◆ WHAT YOU ARE ASKED TO DO: Could you repeat the records below exactly, leaving out any pictures?

◆ Dataset entries:
_ _ _ _ _
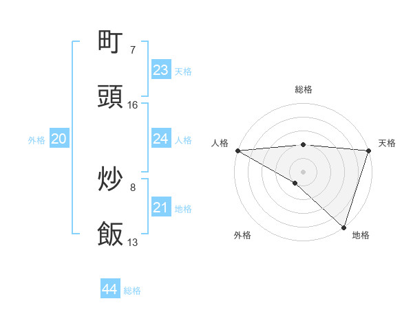 町頭 炒飯さんを姓名の画数から五運を鑑定
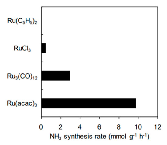 - Saadatjou, N.; Jafari, A.; Sahebdelfar, S. Ruthenium Nanocatalysts for Ammonia Synthesis: A Review. Chem. Eng. Commun. 2015, 202, 420–448. [Google Scholar] [CrossRef]
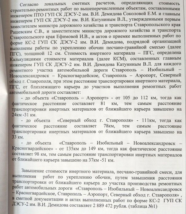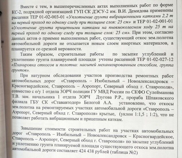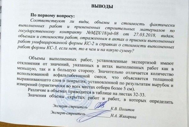 При этом в порядке экспертной инициативы эксперт выявил еще один источник возможного завышения объемов работ, а именно — наложение выравнивающего асфальтного слоя толщиной менее норматива (5 см) на меньшем по протяженности участке ремонта дороги (знаменитое «ужатие Лужкова» при строительстве МКАДа всё ещё не даёт покоя провинциальным расследователям :))
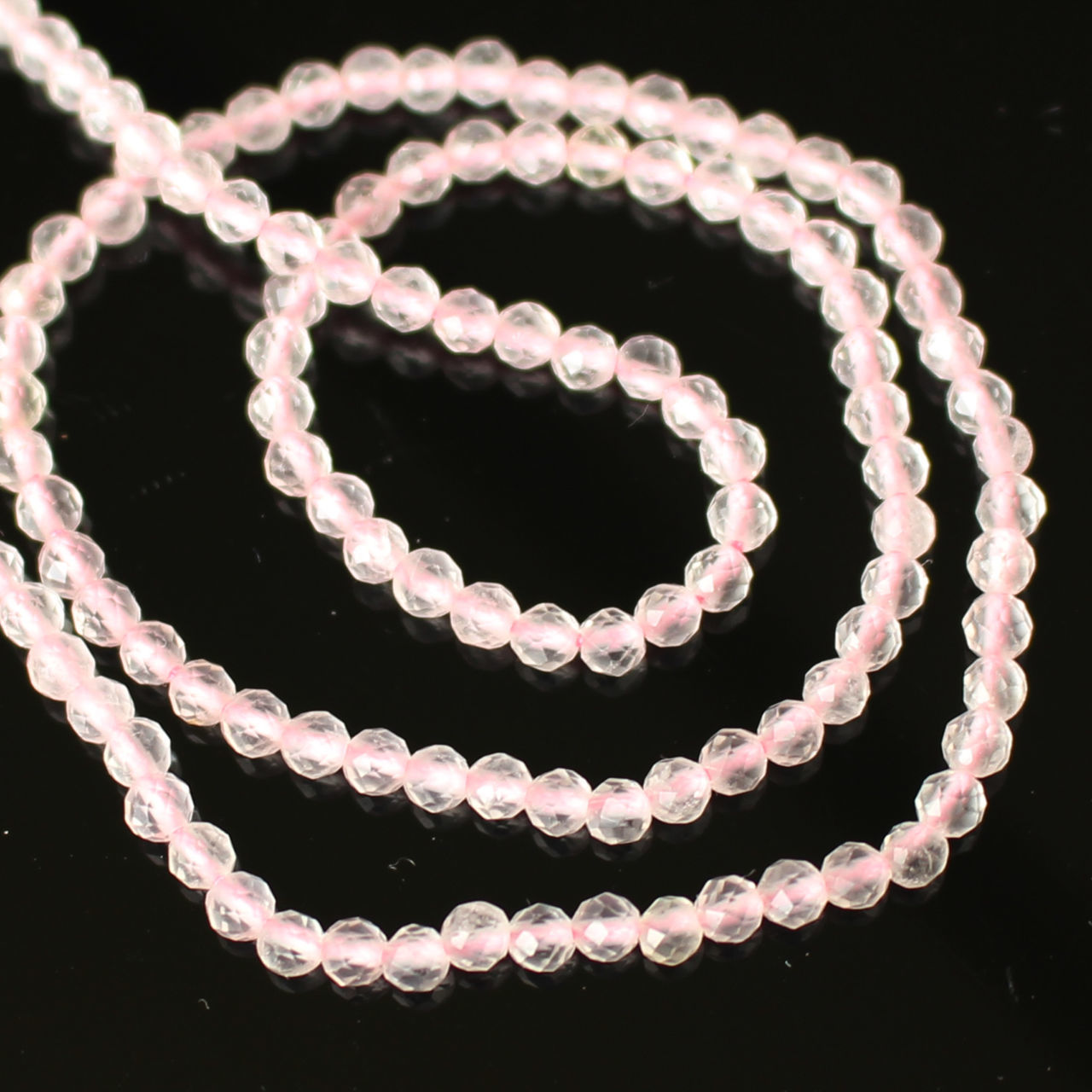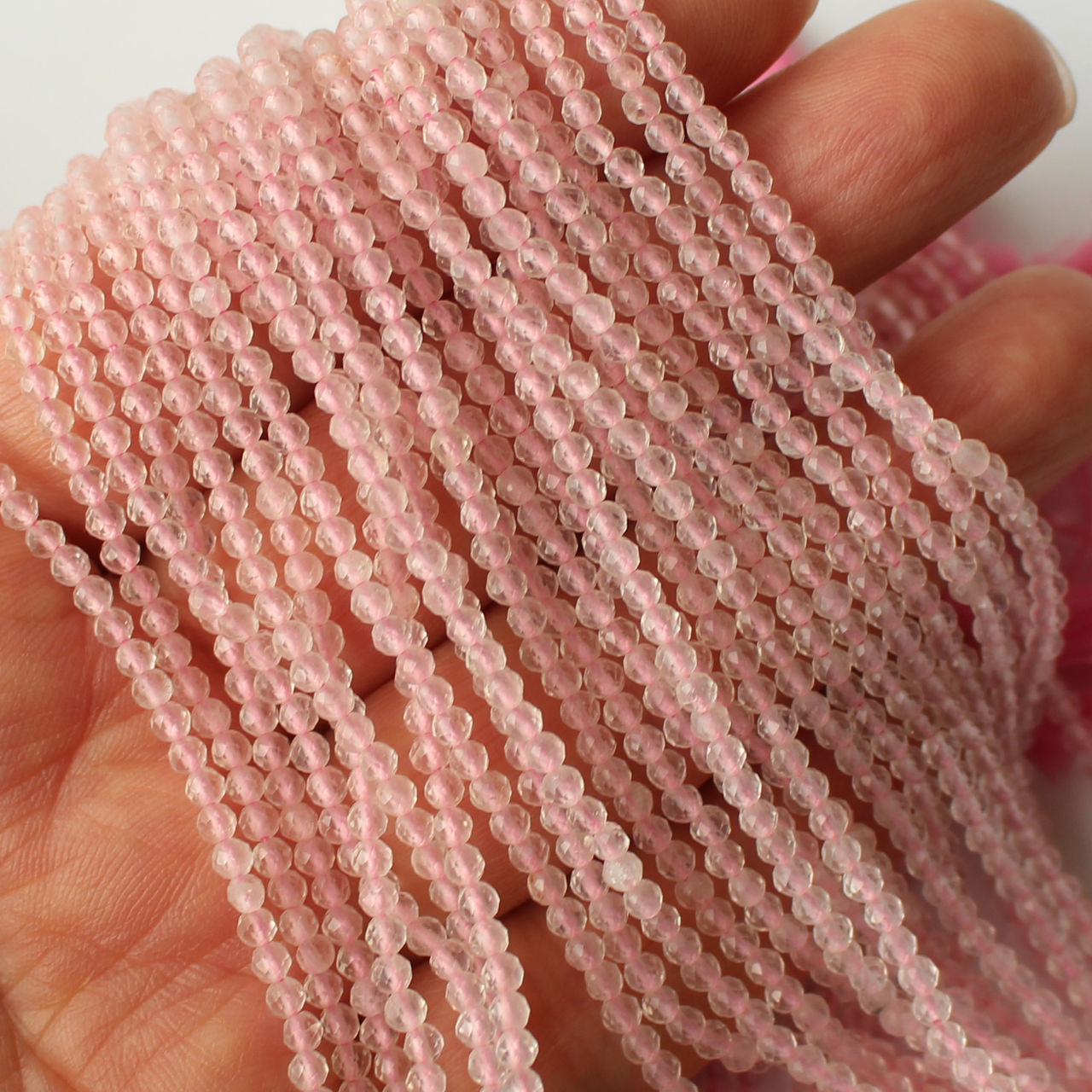 Gemstone Name: Natural Pink rose quartzShape: Faceted Round Size:2.5mm Length: 13 Inches Number of Beads: About 140 BeadsOrigin: India
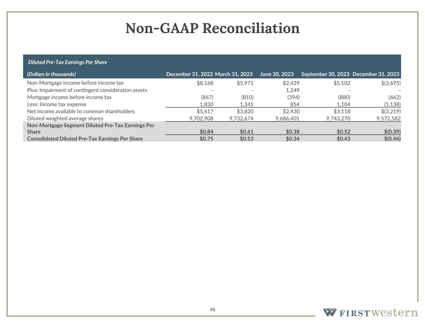 48 Non-GAAP Reconciliation Diluted Pre-Tax Earnings Per Share December 31, 2023September 30, 2023June 30, 2023March 31, 2023December 31, 2022(Dollars in thousands) $(3,695)$5,102$2,429$5,971$8,168Non-Mortgage income before income tax --1,249--Plus: Impairment of contingent consideration assets (662)(880)(394)(810)(867)Mortgage income before income tax (1,138)1,1048541,3411,830Less: Income tax expense $(3,219)$3,118$2,430$3,820$5,417Net income available to common shareholders 9,572,5829,743,2709,686,4019,732,6749,702,908Diluted weighted average shares $(0.39)$0.52$0.38$0.61$0.84 Non-Mortgage Segment Diluted Pre-Tax Earnings Per Share $(0.46)$0.43$0.34$0.53$0.75Consolidated Diluted Pre-Tax Earnings Per Share
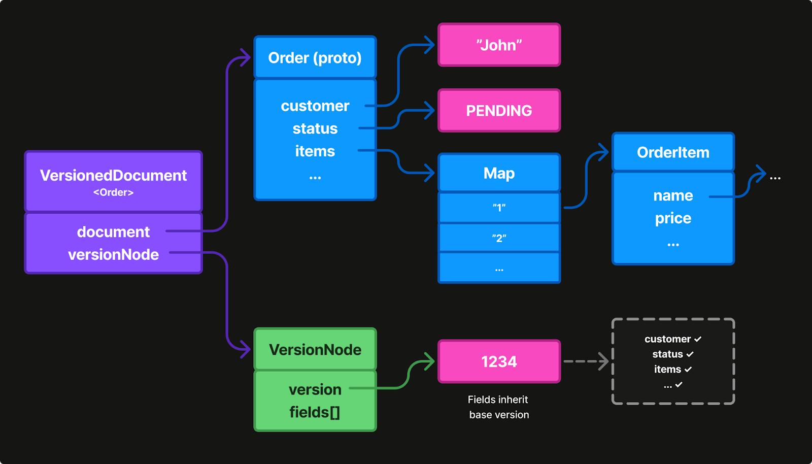 Traditional CRDT libraries embed versions within values. Our key insight: separate them instead. Maintain a parallel version tree that mirrors your data structure. Remove redundant nodes in the version tree by only storing entries for fields that differ from the base version.
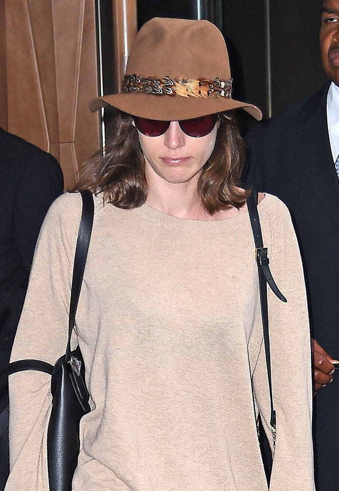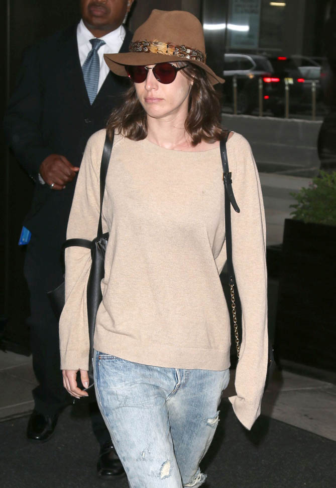 Attached - Lizzy Caplan leaving her New York hotel last week.
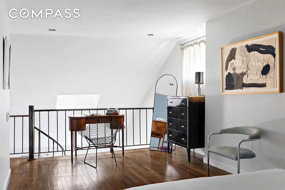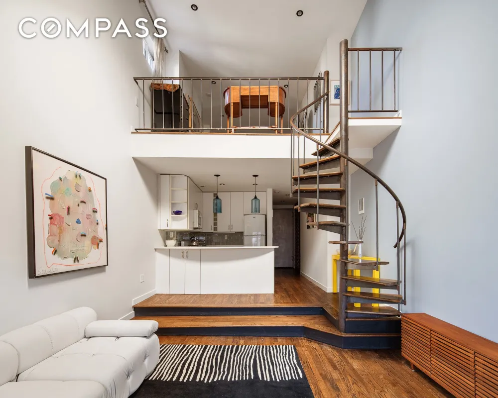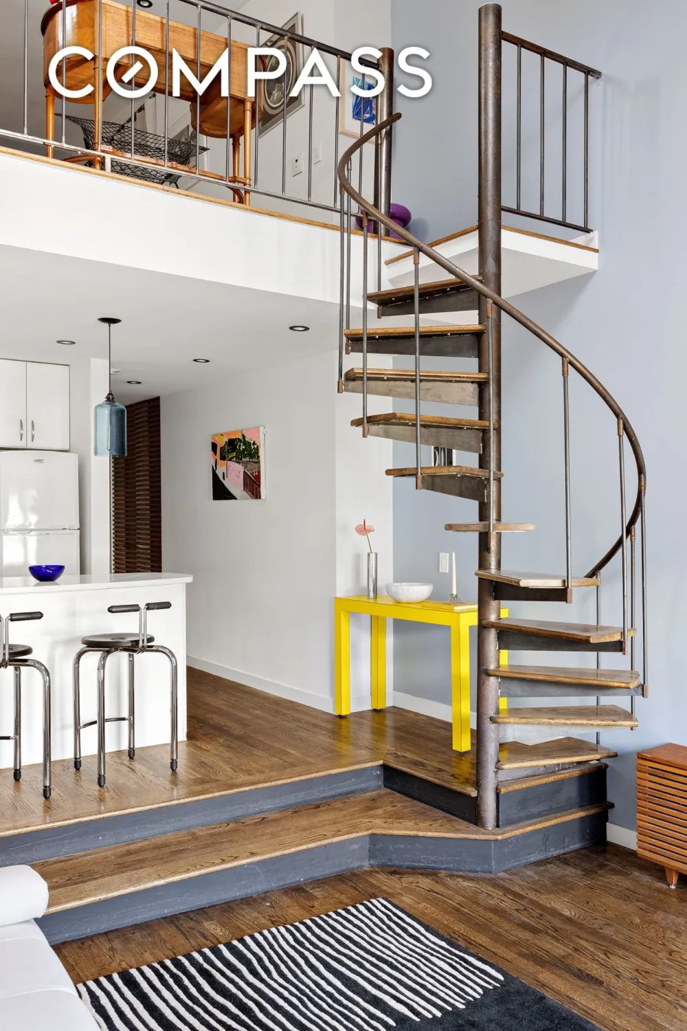 Upon entry, a welcoming glow fills the loft-like space through a skylight in the living room, fostering all day light across both levels. The living area is spacious and flexibly configured, with the added benefit of a private balcony for moments al fresco. There is room enough for living and dining here. The lower level features a generous living area with nearly 17-foot ceilings, an eat-in kitchen, a spiral staircase leading to the sleeping area and a full bathroom. The kitchen is open and well-equipped with ample storage and an island with seating, perfect for entertaining guests or enjoying a private meal. There are beautifully maintained reclaimed dark walnut floors throughout the home, with matching built-ins and closet doors; all wood was thoughtfully reclaimed from Ohio.
_ _ _ _ _
◆ RESULT FOR THIS TASK:
 町頭 炒飯さんを姓名の画数から五運を鑑定
 - Saadatjou, N.; Jafari, A.; Sahebdelfar, S. Ruthenium Nanocatalysts for Ammonia Synthesis: A Review. Chem. Eng. Commun. 2015, 202, 420–448. [Google Scholar] [CrossRef]
 При этом в порядке экспертной инициативы эксперт выявил еще один источник возможного завышения объемов работ, а именно — наложение выравнивающего асфальтного слоя толщиной менее норматива (5 см) на меньшем по протяженности участке ремонта дороги (знаменитое «ужатие Лужкова» при строительстве МКАДа всё ещё не даёт покоя провинциальным расследователям :))
 Gemstone Name: Natural Pink rose quartzShape: Faceted Round Size:2.5mm Length: 13 Inches Number of Beads: About 140 BeadsOrigin: India
 48 Non-GAAP Reconciliation Diluted Pre-Tax Earnings Per Share December 31, 2023September 30, 2023June 30, 2023March 31, 2023December 31, 2022(Dollars in thousands) $(3,695)$5,102$2,429$5,971$8,168Non-Mortgage income before income tax --1,249--Plus: Impairment of contingent consideration assets (662)(880)(394)(810)(867)Mortgage income before income tax (1,138)1,1048541,3411,830Less: Income tax expense $(3,219)$3,118$2,430$3,820$5,417Net income available to common shareholders 9,572,5829,743,2709,686,4019,732,6749,702,908Diluted weighted average shares $(0.39)$0.52$0.38$0.61$0.84 Non-Mortgage Segment Diluted Pre-Tax Earnings Per Share $(0.46)$0.43$0.34$0.53$0.75Consolidated Diluted Pre-Tax Earnings Per Share
 Traditional CRDT libraries embed versions within values. Our key insight: separate them instead. Maintain a parallel version tree that mirrors your data structure. Remove redundant nodes in the version tree by only storing entries for fields that differ from the base version.
 Attached - Lizzy Caplan leaving her New York hotel last week.
 Upon entry, a welcoming glow fills the loft-like space through a skylight in the living room, fostering all day light across both levels. The living area is spacious and flexibly configured, with the added benefit of a private balcony for moments al fresco. There is room enough for living and dining here. The lower level features a generous living area with nearly 17-foot ceilings, an eat-in kitchen, a spiral staircase leading to the sleeping area and a full bathroom. The kitchen is open and well-equipped with ample storage and an island with seating, perfect for entertaining guests or enjoying a private meal. There are beautifully maintained reclaimed dark walnut floors throughout the home, with matching built-ins and closet doors; all wood was thoughtfully reclaimed from Ohio.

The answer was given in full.